2011-06-05

上海市の2011年度給与増加指導ライン

    6月3日に上海の2011年の給与増加指導ラインが発表されました。下限6%、平均13%、上限18%という数値が出てます。これはあくまで指導ラインであるので強制力を有するというわけではないのですが、給与見直しに当たっての参考にすることができるでしょう。さて、さらに内容を見ていきましょう。

 

 生産経営が正常で、経済効益が増大している企業、要するに業績が堅調な企業のことを指すと思うのですが、こういった企業については平均ラインを参照して給与増加水準を確定することができるとされています。業績堅調な企業といってもさらに分かれており、

(1)   企業の前年平均給与水準が全市従業員平均給与の60%を下回る場合、上限を参照して給与を増加することができる。

(2)   前年平均給与水準が全市従業員の平均給与の2倍を上回る場合、平均ラインの80%を参照して給与を増加することができる。

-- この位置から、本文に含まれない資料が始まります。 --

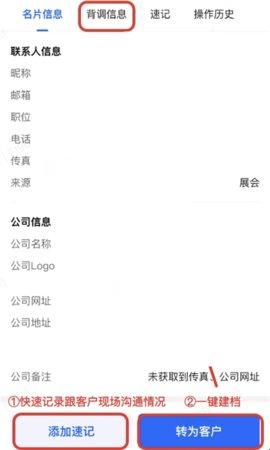 3、与名片匹配的信息会显示在下方,点击【转为客户】即可完成建档。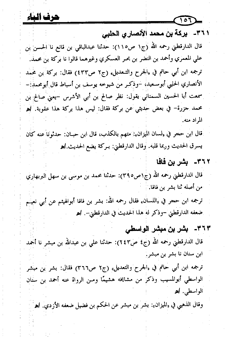 قال الدارقطني - رحمه الله - (ج 1 ص 115): حدثنا عبد الباقي بن قانع، نا الحسن بن علي المعمري، وأحمد بن النضر بن بحر العسكري وغيرهما، قالوا: نا بركة بن محمد.

 要するに、そこそこの給与水準をすでに支給している場合、指導ラインいっぱいいっぱいではなく、80%の掛け目をかけた数値を参照することができます。ちなみに2010年度の上海市従業員年平均給与は46,757元、月平均ですと3,896元となっています。

 

 一方で、経済効益に差がある企業、要するに業績がよくない企業の事を指しますが、その場合指導ラインの下限を参照して給与を増加することができるものとされています。

 

 指導ラインはさらに一線部署の従業員の給与上げ幅にまで踏み込んでおります。ここでいう一線部署の従業員とはもっとも最前線にいる工場のワーカーなんかをイメージするといいでしょう。企業が給与増加を確定するとき、給与水準が不公平に低い一線部の従業員の給与を引き上げるべきで、一線従業員給与の増加幅は本市企業従業員給与の平均増加幅を下回ってはならないものとされています。すでに今後の経営計画の仲で反映させている企業も多いと思いますが、工場のワーカーのコスト増にプレッシャーがかかっています。

 

 いつも思うのですが、企業によって業況も違いますので、こういった通知を出すことで企業にプレッシャーを与えるのは純粋な資本主義観点からは違和感を感じます。中国も社会主義市場経済といいつつほとんど資本主義みたいな感じになっていますが、ここいらあたりに社会主義を感じさせますね。